August 31st has now become a national holiday for terrorists affiliated with the Taliban, marking the one-year anniversary of the United States’ withdrawal from Afghanistan. They marked the occasion by marching on the now-abandoned Bagram Air Base. In just one year under their rule, women have been forced out of schools, forced marriages have skyrocketed, and stoning is now an allowed form of punishment.
FOX NEWS: Taliban celebrates US Afghanistan withdrawal with parade in front of US Embassy, Bagram air base
Caitlin McFall; August 31, 2022
The Taliban celebrated the one-year anniversary of the U.S. withdrawal from Afghanistan Wednesday by parading in front of the former U.S. embassy in Kabul.

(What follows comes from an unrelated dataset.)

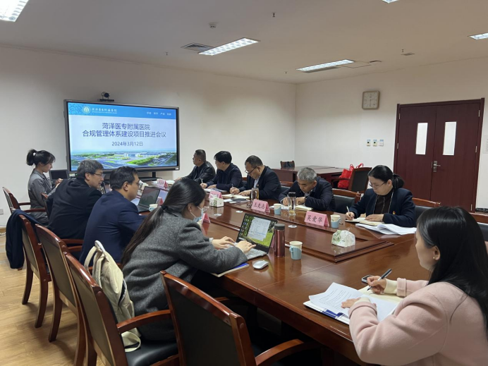 2024年3月12日,菏澤醫(yī)專附屬醫(yī)院在行政樓第一會(huì)議室召開合規(guī)管理體系建設(shè)項(xiàng)目推進(jìn)會(huì)議,醫(yī)院黨委書記宋恒國(guó)、院長(zhǎng)王克志、黨委副書記王煒振及其他合規(guī)領(lǐng)導(dǎo)小組成員出席會(huì)議,合規(guī)管理委員會(huì)全體成員、法治建設(shè)辦公室全體成員、合規(guī)管理體系建設(shè)項(xiàng)目團(tuán)隊(duì)部分成員參加會(huì)議。

The anniversary marked the end of the longest U.S. military campaign and a 20-year war that resulted in the fall of Kabul and its democratic government to the insurgent group last August.
The Taliban, which remains unrecognized as the official government of Afghanistan by any nation, has made Aug. 31 a national holiday, according to Reuters.
Images surfaced Wednesday that showed the Taliban and its supporters celebrating the day by parading in Kabul while holding rifles, siting in the back of trucks and on top of heavy armored vehicles.
A military parade was also reportedly held at the Bagram air base – which the U.S. vacated in July 2021.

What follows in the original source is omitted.